I don't have an objection to The System per se, my skepticism comes into play regarding the incredible amount of PR frenzy that has been whipped up by Dudamel's management team. The guy is clearly the real deal, but the amount of attention and adulation is bordering on the obscene, in my opinion.

Civic Center said...

"Evil taints good, but good doesn't, as it were, taint evil." I beg to differ, dark and light mingle in both directions.

And as you've been hinting, Chavez may be a minor dictator but we as citizens of the United States are saddled with a major dictator (who decides what the law is through "signing statements"). The U.S. is currently much closer to the old Nazi nightmare than anything our Venezuelan president has come up with. It's not like he's invading everyone in the world while keeping military bases in just about every country. The whole projection thing on the part of the Western world towards Venezuela right now is just plain weird.

DJA said...

SFMike, what you describe is the standard right-wing trope of preemptively attacking your enemies in areas where your guy is vulnerable. Your guy made his mobbed-up bodyguard police commissioner of NYC, and forced NYPD officers to walk his mistress' dog? The Dems are soft on crime! Your guy is a draft-dodger against a genuine war hero? Bring on the swiftboating! Your guy only won in the first place because his brother struck 60,000 of African-Americans from the Florida voting rolls? Chávez is undemocratic! (Which, I mean, he is in some ways, obviously, but for those in the Bush administration to criticize the governing practices of any other government in the world is clearly freaking absurd.)

Matthew said...

Marc: One of the points I was getting at was that to me, the "flee from evil" sort of morality says more about us than the real or alleged evil we're fleeing from. It's a symptom of moral insecurity, I think, this idea that evil is some sort of virus that we have no immunity towards. Interestingly, if you buy into the whole "living a Christ-like life" thing, you can't help noticing that he spent an awful lot of his time with disreputable types. (I suppose being the son of God makes one pretty morally secure.)

nobleviola: Hype is hype, but I do think Dudamel is something unusual in that he, at least so far, actually lives up to it. (I saw him here in Boston and yes, the technique and the talent is that good.) One thing to keep in mind is that critics might actually be more cynical about PR than the average concertgoer—nothing gets a critic salivating like the prospect of taking down the over-hyped.

Darcy and Mike: You know, it's interesting that, for all the checks and balances in the Constitution, what may actually be the most important bulwark is something as simple as term limits.
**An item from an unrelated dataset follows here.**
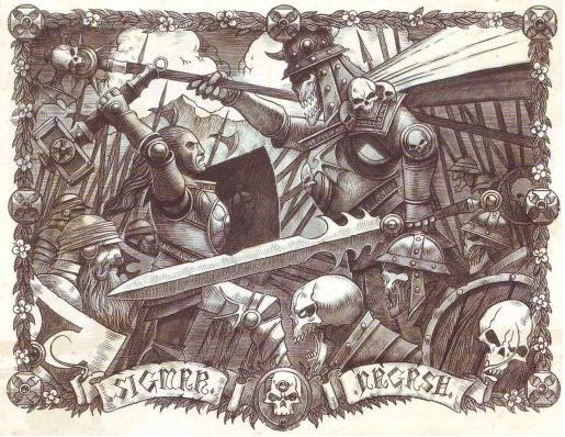 In Sigmar's divine, all-seeing wisdom, he sees the need for strength from his followers- not only of sinew, but of will and of faith. Unholy threats assail his nation, both from within and from without, and thus he channels his might into his mortal champions- the mighty Sigmarite Warrior-Priests. Above all, however, it is faith that serves as the chief weapon of the Empire. Unwavering in their devotion, the warriors of the Empire stand strong against such horrors that would make lesser men go mad with fear. They need only hear the recitation of the verses of the Holy Deus Sigmar to drive them in committing unparalleled acts of heroism. Yet now the darkness is gathering, for far to the north, a dark lord has risen amongst the Northmen, driving the fur-clad savages of the north to take to their longships with fire and steel. The final battle draws near, and now, more than ever, the Empire will need its faith, and the blessings of Sigmar, lest Chaos consume the greatest nation of Men on earth and the foul Daemon-Gods attain their final victory. Throughout the lands of the Empire, the Heirs of Sigmar gird themselves for war and recount the glorious deeds of their forebear, and they shall meet their foes as they always have- with faith, fire, courage and steel.[8a]
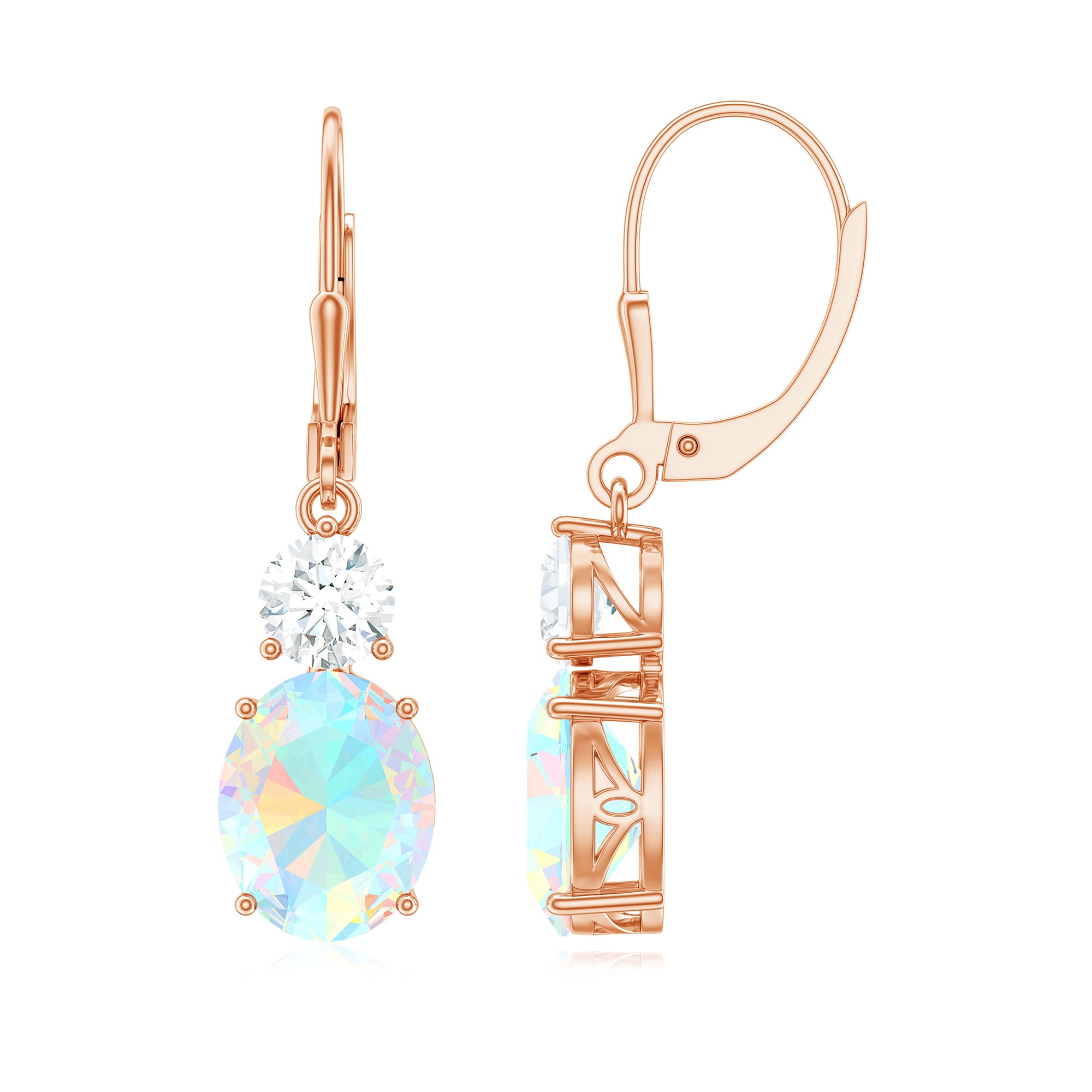 Bring the spotlight on you when you wear these Ethiopian Opal Earrings and add a touch of mystique to your look. Showcasing 8X10 MM Oval Ethiopian Opal elegantly set in prong setting complimented by Round Moissanite shimmers from the top. To make you feel comfortable all the time, these opal earrings come with lever back closures that keep each earring safe in the right place. Sparkle up your look and capture the essence of timeless elegance with these drop earrings, a pair that is best suited for every occasion.

I think the Venezuelans instinctively caught on to this—from what I can tell, it was the proposed abolition of the two-term limit that was the main engine in sinking Chávez's proposal. Even if you love the current guy, you never want to give up the ability to just run out the clock. (This is a tougher call, at least for me, in the legislature, where the perks of seniority are somewhat offset by the diluted power of the individual—but I think that some sort of campaign finance reform that would dent the advantage of incumbency would be a salutory development all around.)